To investigate whether engagement of the anterior hippocampus and vmPFC changed across the three construction stages during each condition, we used the same source-extracted theta power obtained with the beamformer for an additional analysis. Using the previously defined masks (anterior hippocampus, vmPFC, and posterior hippocampus), we extracted ROI-specific power values from each of the smoothed first-level images. Power was subsequently averaged across each ROI, to produce an average for each participant at each of the six construction stages. The same source reconstruction protocol was performed for a pretrial fixation baseline time window, which was then subtracted from each task stage to ascertain whether theta power originating from each ROI during task engagement corresponded to an increase or attenuation of power. Data were then entered into two-way repeated-measures ANOVAs implemented in SPSS25, allowing us to evaluate changes in power between scene and array tasks and across construction stages (Task × Stage). Where the assumption of sphericity was violated using the Mauchly test, Greenhouse–Geisser corrected degrees of freedom were reported. Paired-sample t tests were performed for each ROI in cases of a significant main effect or interaction, using a conservative significance level of p < .01.

Effective Connectivity

To assess how the hippocampus and vmPFC interacted during each of the three construction stages for both scenes and arrays, we used dynamic causal modeling (DCM) for cross-spectral densities (Moran et al., 2009), which measured the magnitude of cross-spectra between the ROIs.

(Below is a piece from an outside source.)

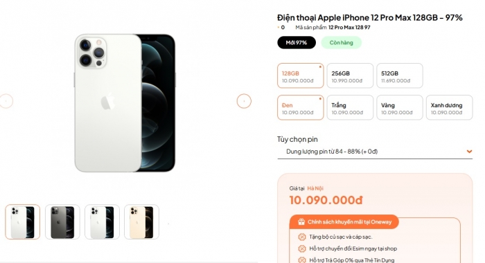 Giá iPhone 12 Pro Max cũ trên thị trường hiện khá thấp khi chỉ từ 10.09 triệu đồng cho bản tiêu chuẩn 128GB. Các phiên bản 256GB và 512 đắt hơn lần lượt từ 11.69 và 12.49 triệu đồng.

This connectivity approach permitted the comparison of biologically plausible models representing a priori hypotheses of the directed influence one region has over another, as well as mutual entrainment between regions (Kahan & Foltynie, 2013; Friston, 2009).

Electrophysiological DCMs use neural mass models that summarize the activity within a specified cluster of neurons. We employed a convolution-based local field potential biophysical model, used for EEG/MEG data (Barry, Barnes, et al., 2019; Moran, Pinotsis, & Friston, 2013; Moran et al., 2009). Intrinsic connectivity between different cell populations within a region is estimated. Extrinsic afferent inputs are categorized as forward, backward, or lateral depending on which subpopulations these afferents project to (Felleman & Van Essen, 1991). Forward connections project to spiny stellate neurons in middle cortical layers, backward connections project to both excitatory pyramidal neurons and inhibitory interneurons, and lateral connections project to all cell populations.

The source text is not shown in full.